Over the last decade and a half The Image Factory has been pushing the edge of contemporary art in Belize. But, along with art impresario Joan (Juan) Duran, they've been doing the same thing in Central America and the Caribbean. And now they've put together the combined output of all those art interventions in a dramatic new book. It's a beautiful edition, over 400 pages long and costs one hundred dollars. But what is this art book about? We tried to find out at the very unusual launching today:..
Jules Vasquez reporting
An isolate cropping of students, friends, fans and press in the middle of the cavernous SJC Gymnasium. Hand-fans aflutter in visible discomfort form the oppressive heat.
It's probably the first book launch staged in such a strange setting but this is Art with a capital 'A' and the audience was only allegorical:
Yasser Musa - Artist
"The reason we are sitting here in this hot, beautiful, well-lit gymnasium is not by accident. It is intentional because we wanted to create a metaphor that says that this space is a laboratory of energy."
And the book, landings new art + ideas from the Caribbean and central America 2000 / 2010 comes in at 464 pages, painstakingly compiled and lovingly curated over 4 years. It is what they call a container of that energy harnessed from across the region:
Yasser Musa
"I like to think that as an artist participating in this project, I helped to unload some ideas and now that I can work and get it into the library system then maybe some students will unload some of the ideas. So it's this kind of ying and yang - it is really the ping pong of my art life at this stage."
Joan Duran - Curator - landings new art + ideas from the Caribbean and central america 2000 / 2010
"It's well over 500 views from young people 99% of them - mostly artist - they're also people that their main job is to write or people that their main duty life is just to think. It will make you realize that the entire world - even our own region, it's not only us from Half Moon Caye to Benque - we are living in a grandiose planet."
Yasser Musa
"From him to the artist from the Guatemalan highlands to the aritst from Belize, Honduras, Cuba, the Yucatan - as far east as Trinidad and Tobago - we have brought the Hurricane Zone artist and cultural thinkers and writers together - but not under the physical or meteorological hurricane - but we've said we're living in a political and social upheaval which is a kind of living hurricane. So under that context we brought that together. My view is that, I'm not naive, we're not a nation of readers but over time who knows - maybe in two or ten years it might be of value - that is why I call it an artifact, it is beautiful yes -but how you act with it and what you get from the artifact is important."
Doctoral student in art History, Salvadorean-American Kency Cornejo says the book bridges an important and often overlooked divide:
Kency Cornejo - PhD Candidate Art History, Duke Univ.
"This book, the value that I see in it, is that it's exactly that - it's a history and narrative written from the perspective of Central America by Central American artists and that is very important. For you, it's not for you to read it and consume it and say this is the history - it's for you to read it and criticize it and challenge it - throw tomatoes at it if you want, like it or don't like but be open to the fact that these are voices coming from Central America talking about art and visual culture and about decolonizing the way we see. But when people are colonized, they're not just colonized as bodies right? They have to colonize their minds in order to control them, they have to colonize the way that they see in order to implement different ways of seeing so that they can see themselves in certain ways. So the challenge is not just political and economic, it's visual and knowledge that's an epistemic level. So that's very important and that is what this book contributes to the region."
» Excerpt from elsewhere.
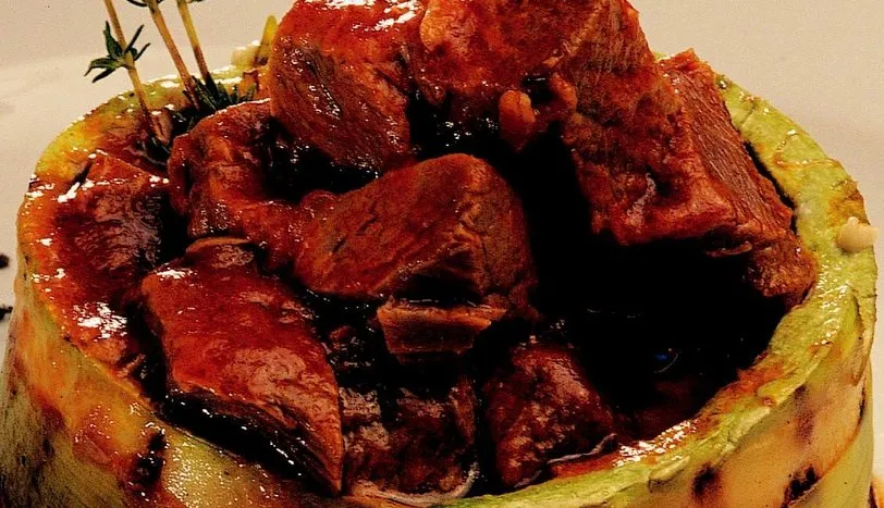 ÖNCELİKLE soğan, sarmısak ve salçayı et suyuna ekleyin. Eti ilave edip, pişmeye bırakın. Ayrı bir yerde patlıcanları çizip, ızgarada pişirin. Kabuklarını soyup çatalla ezin. 1 çorba kaşığı tereyağını, 1 çay bardağı krema ile çırpıp, patlıcan, şeker ve kaşar peynirini ilave edin. Küçük bir tavada hafifçe kaynatın. Tuz ve karabiber katın. Kabak dilimini ızgarada közleyin. Çember haline getirip, servis tabağının ortasına koyun. Onun da içine beğendiyi koyun. Üzerine eti ilave edip, kiraz domates ve taze kekik ile süsleyerek servis yapın.AŞÇININ NOTUDilerseniz kabağı, pırasa ya da taze soğan sapıyla bağlayabilirsiniz.

The evangelical power of art was much discussed today:
Yasser Musa
"Art is not about beauty, it is not about putting something on the wall - it is about being a warrior, being a fighter, being an activist, art is a social action - it is a political action. But it's the mind, the power of ideas that will transform your society."
And curator Joan Duran says transformation is required:
Joan Duran
"We in Belize we have this disease, it's a mental disease from even before independence that we only seem to praise our Blue Hole's and Victoria Peaks and the Jabirus and Manatees and orchids. Look don't even forget that accidentally it happened to be me who introduced the postcard business in this country in the 70's and out of 100's of postcard - the overwhelming majority was not the buildings and Blue Hole's and national icons - it was ordinary people. That is what I'm sending to my mother ,that is what I'm sending to my friend because you want them expect to see that I live in a little Kayak in the middle of the Blue Hole and that I'm scuba diving all day? That I spend all day wiht my binoculars to see the Jabirus and the Toucans - no man. To build a nation, you need to do that - this is a cement block - this is another brick and that's how you build a new nation -with things produced by you and you and me on the side too - not just praising the inheritance from the science and nature and the different gods of the Universe, that's not nation building. that is ******** - which is a lot different"
The Book is available at the Image Factory and other booksellers. Through the donation of sponsors, a number of copies will be circulated to libraries and schools.